Start of Information shown
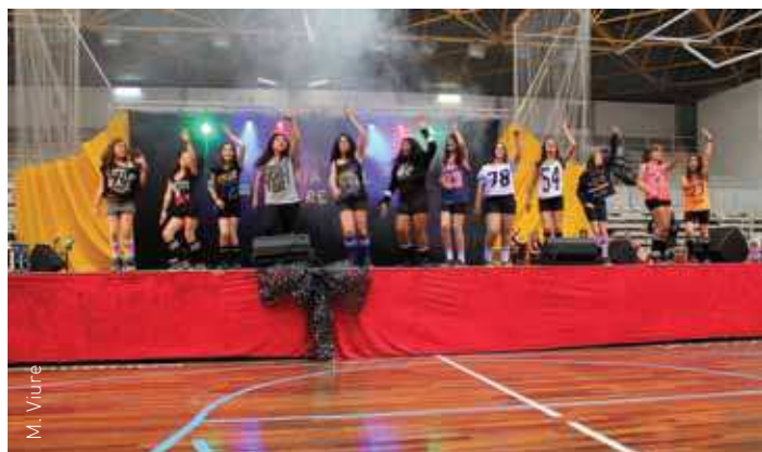
A l'Escola de Dansa de l'AV s'ensenyen diferents estils de ball
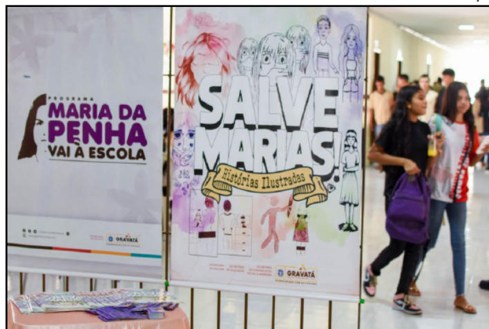
Lei determina inclusão de noções sobre proteção à mulher

É o que estabelece a Lei 10.344/24, que foi aprovada pela Assembleia Legislativa do Estado do Rio de Janeiro (Alerj), sancionada pelo governador Cláudio Castro e publicada no Diário Oficial. A
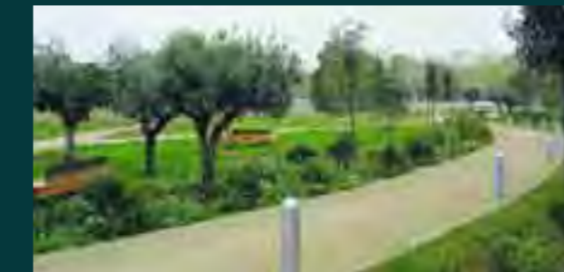
Camino en el Jardín de la Rambleta
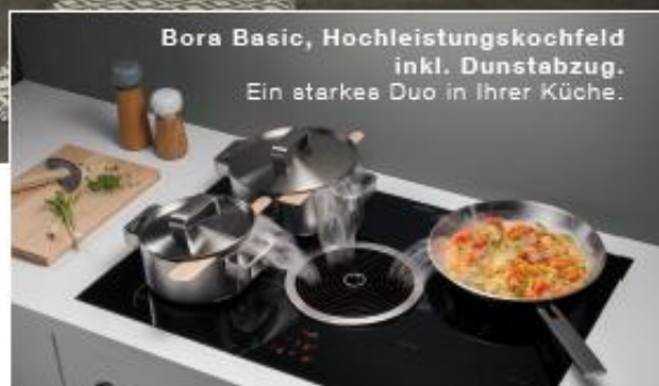
Bora Basic, Hochleistungskochfeld inkl. Dunstabzug. Ein starkes Duo in Ihrer Küche.
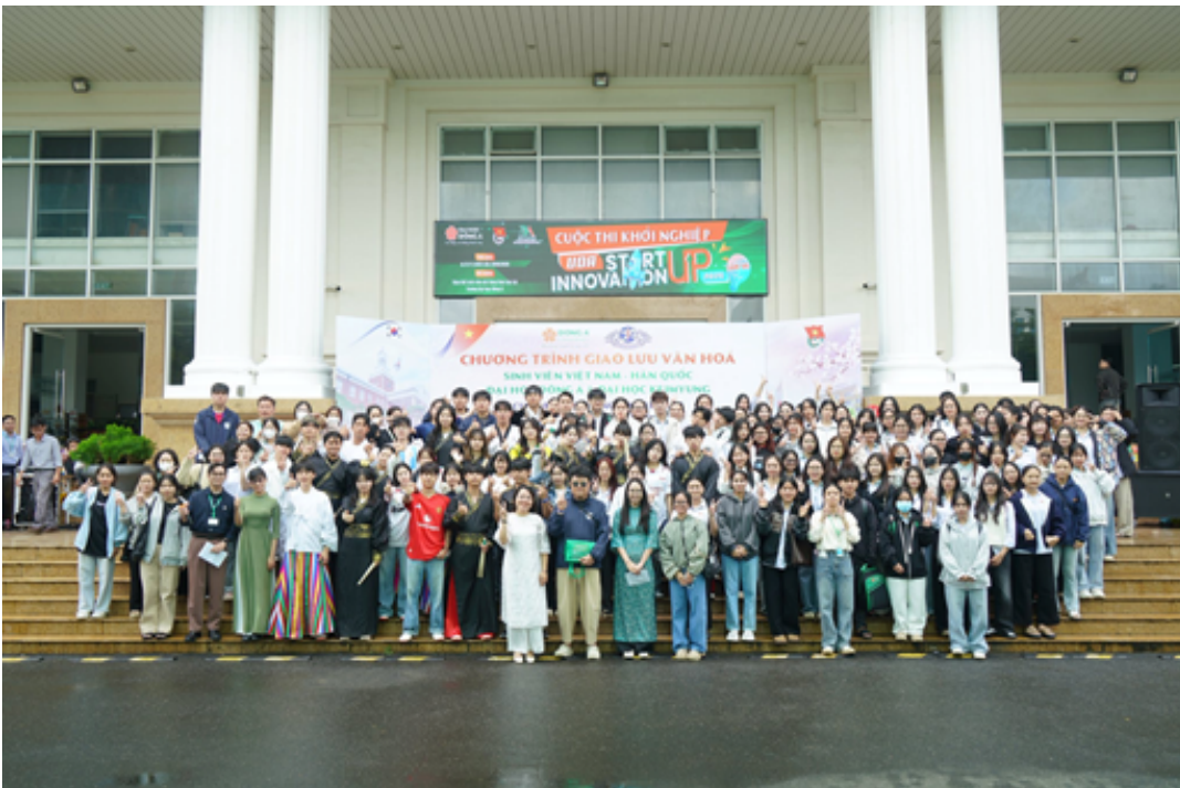
Hình ảnh 6: VIỆT – HÀN cùng sinh viên ĐẠI HỌC KEIMYUNG (계명대학교)

*Giao lưu văn hóa VIỆT – HÀN cùng sinh viên ĐẠI HỌC KEIMYUNG (계명대학교)
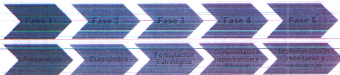
Gráfico N° 2: Fases para la elaboración de un plan de cultura

Las primeras cuatro fases corresponden a la elaboración y aprobación del Plan, mientras que la última integra la implementación, monitoreo y evaluación, con el propósito de promover la mejora continua.
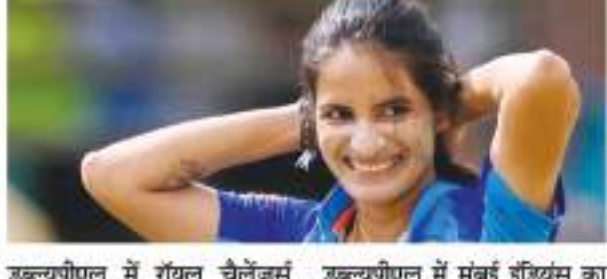
डब्ल्यूपीएल में रॉयल चैलेंजर्स बेंगलुरु से जुड़ी थीं। वह सीपीएल में खेलने वाली पहली भारतीय महिला थीं और उन्होंने टूर्नामेंट में सर्वाधिक विकेट लिए। फिलहाल वह इंग्लैंड ए के खिलाफ इंडिया ए
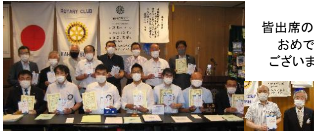
皆出席の皆さん おめでとう ございます!
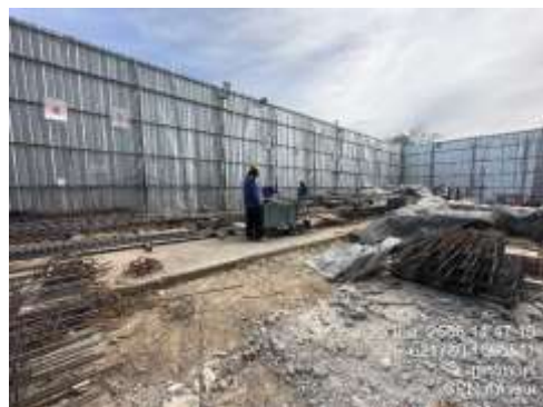
รูปที่ 44 พื้นที่สำหรับตัดเหล็ก (ปัจจุบันได้ทำการรื้อถอนเรียบร้อยแล้ว)
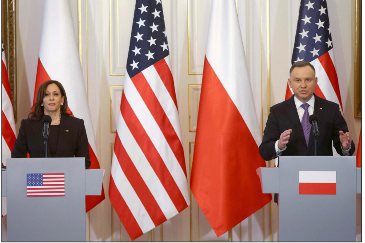
الرئيس البولندي أندري دودا ونائبة الرئيس الأمريكي كامالا هاريس خلال مؤتمر صحافي في العاصمة البولندية وارسو

الإقليمية والدولية ذات الصلة.. وهذا الاتصال هو الثالث بين آل ثاني وزيلينسكي منذ بدء الغزو الروسي لأوكرانيا. إذ سبق أن تواصل الزعيمان، في بداية الأزمة، ووفق وكالة الأنباء القطرية (قنا) أطلع الرئيس الأوكراني، أمير قطر على آخر المستجدات على الساحة الأوكرانية. وسبق أن أجرى أمير قطر اتصالات مع عدد من المسؤولين الدوليين، ومؤخراً اتصل مع الرئيس الفرنسي إيمانويل ماكرون، وبحث معه مستجدات الوضع في أوكرانيا. وحسب بيان صادر عن الديوان الأميري القطري «جرى خلال الاتصال بحث آخر المستجدات على الساحتين الإقليمية والدولية، خاصة ما يتعلق بالأحداث الجارية حاليا في أوكرانيا..»
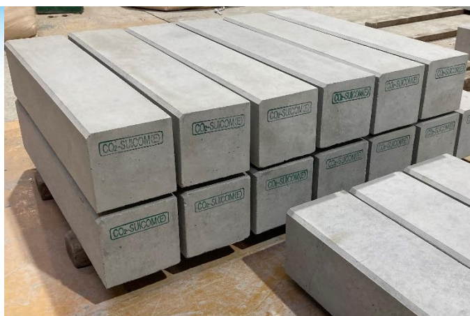
図 CO 2 -SUICOM、いろは蔵パークへの納入製品
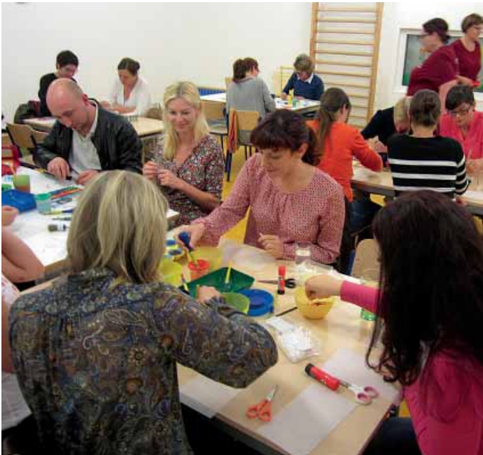
Markt Manching (KöS)

Einen erfolgreichen ersten Elternabend konnte die Kinderkrippe „Mäusevilla im Lindenkreuz“ für sich verbuchen!
End of Information shown
Problem statement: Copy word for word the lines of the records above from the one with "É o que estabelece" up to and including the one with "Bora Basic, Hochleistungskochfeld". Skip the pictures.

Answer section:
É o que estabelece a Lei 10.344/24, que foi aprovada pela Assembleia Legislativa do Estado do Rio de Janeiro (Alerj), sancionada pelo governador Cláudio Castro e publicada no Diário Oficial. A
Camino en el Jardín de la Rambleta
Bora Basic, Hochleistungskochfeld inkl. Dunstabzug. Ein starkes Duo in Ihrer Küche.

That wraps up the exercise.